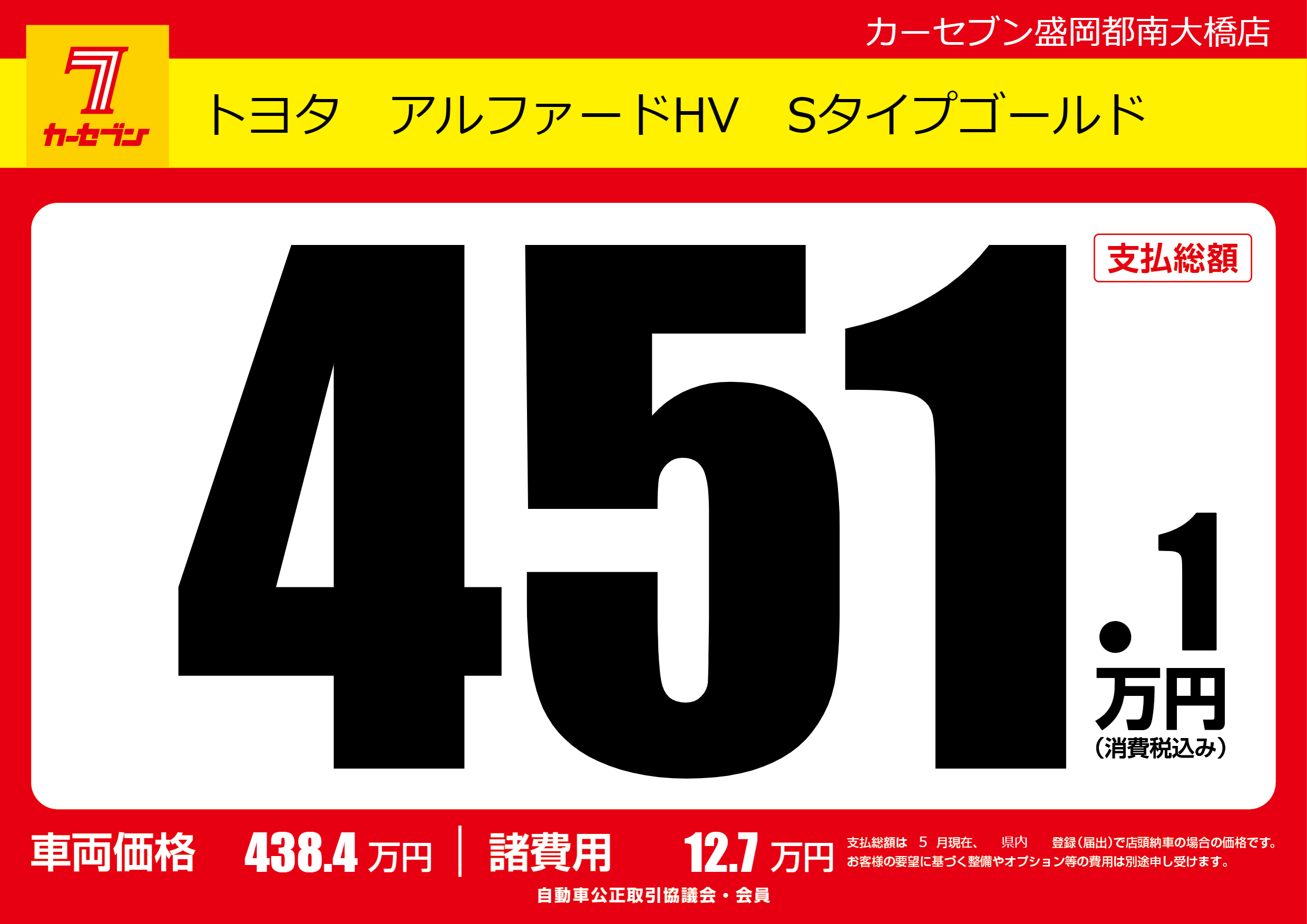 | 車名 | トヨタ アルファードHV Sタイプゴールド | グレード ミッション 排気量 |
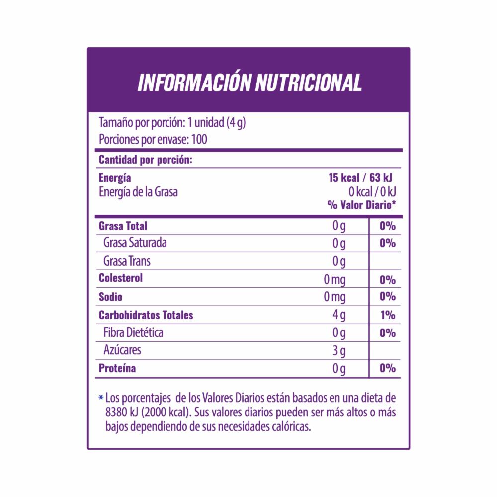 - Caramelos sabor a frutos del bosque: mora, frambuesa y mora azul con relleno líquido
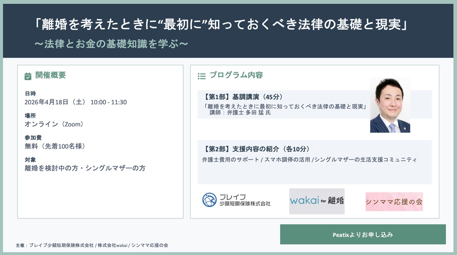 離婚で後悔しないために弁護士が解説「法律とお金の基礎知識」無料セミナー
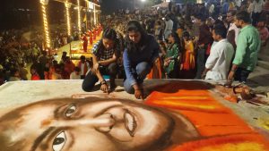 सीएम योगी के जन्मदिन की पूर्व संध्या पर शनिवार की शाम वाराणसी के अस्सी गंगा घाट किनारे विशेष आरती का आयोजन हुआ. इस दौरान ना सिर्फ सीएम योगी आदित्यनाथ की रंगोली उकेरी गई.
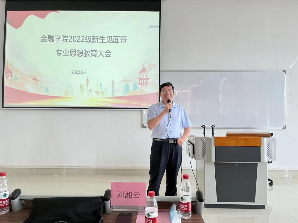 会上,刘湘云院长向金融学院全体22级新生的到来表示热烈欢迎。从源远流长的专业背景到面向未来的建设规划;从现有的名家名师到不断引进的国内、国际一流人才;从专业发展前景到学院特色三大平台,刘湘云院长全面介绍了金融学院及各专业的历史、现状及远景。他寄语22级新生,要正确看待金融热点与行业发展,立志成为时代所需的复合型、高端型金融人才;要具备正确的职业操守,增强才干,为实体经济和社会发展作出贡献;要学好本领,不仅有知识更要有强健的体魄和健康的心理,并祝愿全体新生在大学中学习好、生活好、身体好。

* _Description of the task_
Omit the pictures and write out the remaining data exactly.

* _Exercise solution_
 | 車名 | トヨタ アルファードHV Sタイプゴールド | グレード ミッション 排気量 |
 - Caramelos sabor a frutos del bosque: mora, frambuesa y mora azul con relleno líquido
 離婚で後悔しないために弁護士が解説「法律とお金の基礎知識」無料セミナー
 सीएम योगी के जन्मदिन की पूर्व संध्या पर शनिवार की शाम वाराणसी के अस्सी गंगा घाट किनारे विशेष आरती का आयोजन हुआ. इस दौरान ना सिर्फ सीएम योगी आदित्यनाथ की रंगोली उकेरी गई.
 会上,刘湘云院长向金融学院全体22级新生的到来表示热烈欢迎。从源远流长的专业背景到面向未来的建设规划;从现有的名家名师到不断引进的国内、国际一流人才;从专业发展前景到学院特色三大平台,刘湘云院长全面介绍了金融学院及各专业的历史、现状及远景。他寄语22级新生,要正确看待金融热点与行业发展,立志成为时代所需的复合型、高端型金融人才;要具备正确的职业操守,增强才干,为实体经济和社会发展作出贡献;要学好本领,不仅有知识更要有强健的体魄和健康的心理,并祝愿全体新生在大学中学习好、生活好、身体好。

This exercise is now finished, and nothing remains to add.